Consumer Data — The Holy Grail of Marketers
For marketers around the globe, data is the key to understanding purchase habits of consumers. The wealth of information is available through numerous touchpoints, social and traditional, that the consumer experiences across the value chain of any brand. This has led to a situation where data can be sold to various parties, often without the knowledge of the true owner of the data.
In June 2018, California had passed a data privacy law that bears similarities to the European Union’s GDPR (came into force in May 2018). However, there is yet to be a federal law of this kind covering the U.S. This lack of control over private data has prompted Tim Cook, the CEO of Apple, Inc. and others recently to urge the U.S. Congress to pass a law providing citizens with the rights to delete their personal data from online platforms.

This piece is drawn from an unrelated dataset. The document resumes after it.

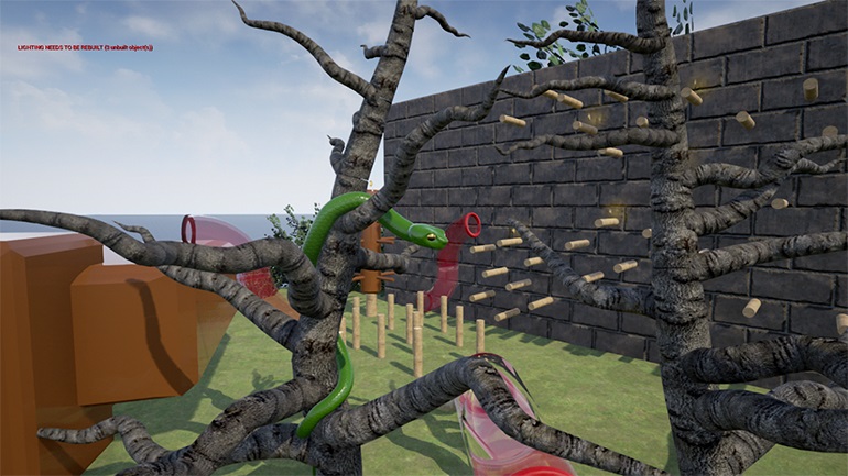 The image attached above is a “super early” look at Snake Pass during an internal game jam. Ultimately, the company decided to move forward with the project after selecting it out of a number of different pitches.

In fact, Tim Cook, in a recent article in Time, went on to outline the four rights to guide the legislation: a) minimization of personal data, b) information on the content of data collected along with rationale, c) provision for access, correction and deletion of personal data by the consumer, and d) data security.
One of the great risks of unprotected consumer data is the rise of “data brokers.” The retailer, on many occasions, sells priceless consumer information to companies which, in turn, sell data to other marketers. All this happens while the real owner of data — the consumer — is completely oblivious of the exchanges. This has boosted an unchecked shadow economy. This has led many enterprise leaders to urge the Federal Trade Commission to set up a data-broker clearing house, requiring all data brokers to register. This would enable consumers to track the transactions they have been engaged in. The consumers would also be cognizant of how and where their data is going to be used, and they would be empowered to delete their data on demand.
Rise of New Revenue Streams
The need for consumer data has shaped up a new revenue stream, which involves readership information about articles that mention brands. For example, the company Memo aims to leverage the growing demand for data by creating a marketplace where advertisers can purchase audience metrics for editorial coverage, viz., engaged reading time, page views, scroll depth, etc. In general, publishers track page views, but they do not share it. Publishers such as Meredith Corp., BuzzFeed Inc., PopSugar Inc. have agreed to share their data with Memo. Marquee clients such as Unilever, direct-to-consumer contact-lens marketer Vision Path Inc., and bed-and-bath retailer Parachute Home have signed on to use Memo.
Role of Marketing Procurement
The role of procurement managers is going to be crucial, as they must create a safe ecosystem of compliant vendors. Although it is still early days, and the fines or penalties are yet to be determined for non-compliance, procurement must be prepared for the mammoth task of revisiting the entire supply base (and the third-party vendors engaged by the frontline suppliers) and prioritize engagement with quality suppliers in a sustainable manner. The team needs to conduct surveys with suppliers to understand their readiness and compliance level with the new legislation. Clauses need to be inserted to hold the suppliers accountable in cases of non-compliance. It is also imperative for procurement to keep the key decision makers in their organizations updated about the upcoming legislations along with their implications.